SynDist identifies and quantifies synonymous variation among aligned protein-coding DNA sequences, that is, nucleotide substitutions that do not translate to changes in the amino acid sequences, due to degeneracy of the genetic code.

Usage

SynDist(
  seq_file,
  path_out,
  input_fasta = NULL,
  codon_pos = NULL,
  analysis = "dist"
)

Value

When analysis="dist", the function produces a .csv distance matrix with the number of synonymous substitutions in each pairwise sequence comparison in the upper right matrix and the synonymous p-distance in each pairwise sequence comparison in the lower left matrix. If a sequence occurrence table is given as input file, the function additionally produces two tables with the mean number of synonymous substitutions and the mean synonymous p-distance across all pairwise sequence comparisons for each sample in the data set. If a sequence occurrence table is given as input file, the sequences are named in the output matrix by an index number that corresponds to their column number in the input file. If analysis="codon", the function produces two .csv summary tables, one with the total number of synonymous substitutions per nucleotide position across all pairwise sequence comparisons and one with the number of synonymous codon variations per codon across all pairwise sequence comparisons. Note that in the codon summary table, the synonymous codon variation does not quantify the number of nucleotide variations between the synonymous codons, since that can be derived from the nucleotide summary table. Each summary table also contains a column that specifies the proportion of the observed number of synonymous variations (per nucleotide position or codon) out of the number of pairwise sequence comparisons. E.g., if three sequences are compared and a synonymous substitution is observed for a given codon once (i.e., between two of the three sequences), that gives a proportion of synonymous observations of one out of three pairwise sequence comparisons for that codon.

Arguments

seq_file: is a sequence occurrence table as output by the 'dada2' pipeline, which has samples in rows and nucleotide sequences in columns.
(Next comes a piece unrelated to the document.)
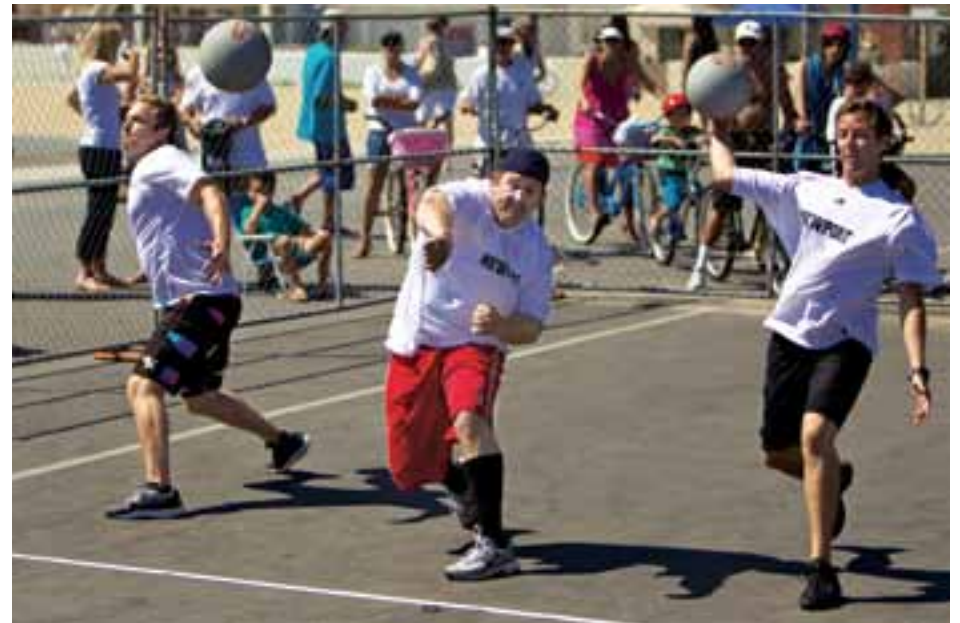
Newport Beach firefighters play dodgeball at the California Firefighter Summer Olympics.

All of the proceeds from the Olympics were donated between the Children's Hospital of Orange County, Grossman Burn Foundation, the City of Newport Beach Parks and Recreation Department and the Newport Beach Firefighters Association Benevolent Fund, which is a 501(c)(3) organization.

Optionally, a fasta file can be supplied as input in the format rendered by read.fasta() from the package 'seqinr'.
path_out: is a user defined path to the folder where the output files will be saved.
input_fasta: optional, a logical (TRUE/FALSE) that indicates whether the input file is a fasta file (TRUE) or a 'dada2'-style sequence table (NULL/FALSE). The default is NULL/FALSE.
codon_pos: is optional, a vector of comma separated integers specifying which codons to include in analyses. If omitted, analyses are made using all codons. Note: With SynDist(), codon_pos should always be specified as codons, i.e. numbered nucleotide triplets in open reading frame.
analysis: is used to specify the desired kind of analysis. It takes the values 'dist' for quantification of pairwise synonymous variation between sequences, or 'codon' for quantification of synonymous substitutions per nucleotide or codon position. The argument is optional with 'dist' as default.

Details

The SynDist() function takes a fasta file or a 'dada2'-style sequence occurrence table (with aligned sequences as column names and samples in rows) as input and identifies synonymous variation by pairwise sequence comparisons.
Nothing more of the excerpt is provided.